Hydrogel-Mediated Semiconductor Bonding for Photovoltaic Applications
Kodai Kishibe& Katsuaki Tanabe
Kyoto University, Kyoto, Japan

Hydrogel-mediated semiconductor wafer bonding has been demonstrated for low-cost fabrication of high-efficiency lattice-mismatched multijunction solar cells. Wafer direct bonding can be hardly applied in the presence of wafer surface roughness or particles. Therefore, the wafer bonding process has so far needed polished wafer surfaces and been commonly conducted in cleanrooms (particle densities < 10,000/m3) with high operation costs. In this study, we have introduced a thin hydrogel film between wafers. Our hydrogel bonding scheme benefits from high surface roughness and particulate tolerances, optical transmittance, and electrical conductivity by utilizing the hydrogels' versatile properties suitable particularly for photovoltaic applications. We have investigated three types of hydrogels and all of them exhibit sufficient transmittance (higher than 95%), bonding strength (higher than 100 kPa), and conductivity (1.3 ohm cm2) for the fabrication of high-efficiency multijunction solar cells. The thickness of the polyacrylamide film at the bonded interface was about 5 um which is larger than typical diameters of particles in a regular, non-cleanroom environment (< 3 um).
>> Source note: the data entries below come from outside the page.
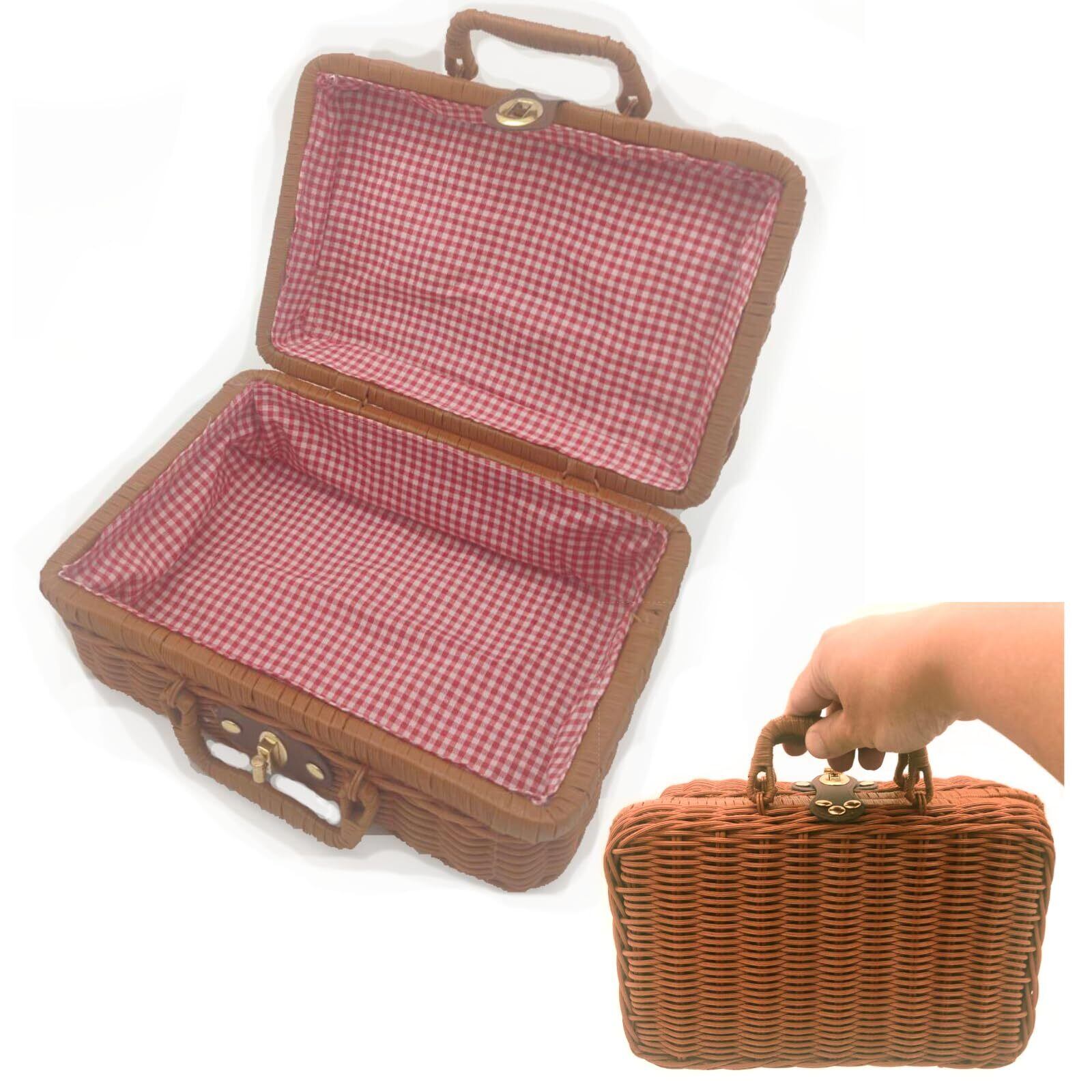 【商品仕様】商品内容:ピクニックバスケット1個。サイズ:幅約26cm、縦約18cm、高さ約11cm。重量360g。モニターなど環境により画像と若干見え方が違う場合がございます。
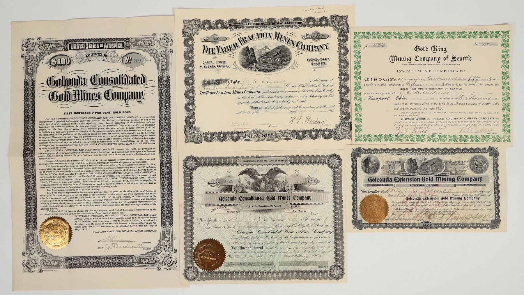 Lot of 5 different for this district near Sumpter. Includes: Taber Fraction Mines Co. (1906); Golconda Cons. Gold Mines Co. (1903 stock and 1905 bond); Golconda Extension Gold Mining Co. (1902); and Gold King Mining Co. of Seattle (1904 installment certificate). Please inspect.
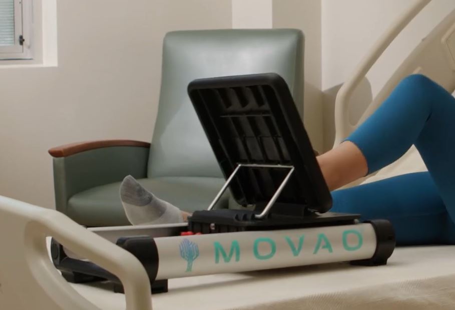 This is the MOVAO Mini In-Bed Leg Press: a neat exercise machine that helps you recover from injuries with in-bed exercises. It is great for people who are recovering from an ACL or PCL surgery. You can also use this under your desk or while sitting in a chair. With an optional gaming sensor, you can turn your rehab into games.
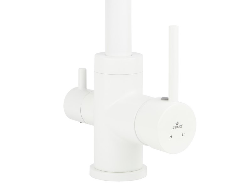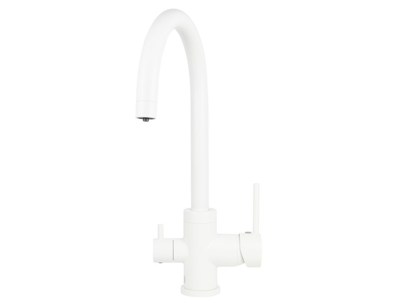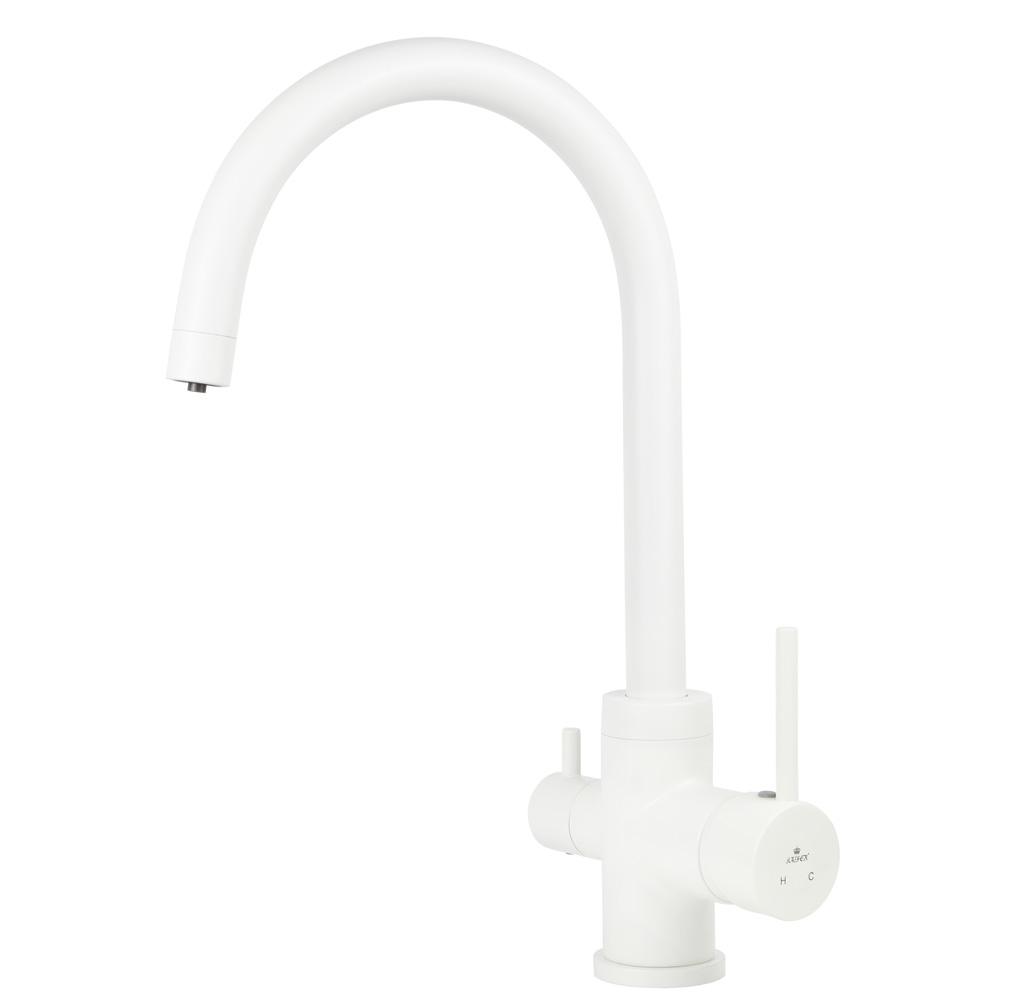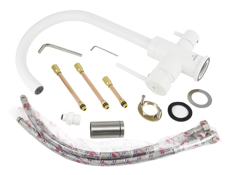 Смеситель Kaiser 26744-4 из коллекции Merkur с подключением под фильтр. Смеситель имеет сдвоенный аэратор, внутри излива проходит трубка для фильтрованной воды, что исключает возможность смешивания с проточной водой. Для подачи питьевой воды на корпусе смесителя размещен рычаг. Преимущество совмещенных смесителей заключается в том, что не нужно делать дополнительных отверстий на мойке и устанавливать отдельный кран для питьевой воды.

Therefore, even in the presence of such particles on wafers, hydrogel films change their own morphology to enclose the particles and result in particulate tolerances. Moreover, the roughness of epitaxially grown semiconductor top surface is generally much smaller than the thickness of such hydrogel films. Therefore, our hydrogel-mediated bonding scheme will also mitigate the smoothness requirements on the surface roughness of epitaxial compound semiconductors to be bonded to fabricate multijunction solar cells.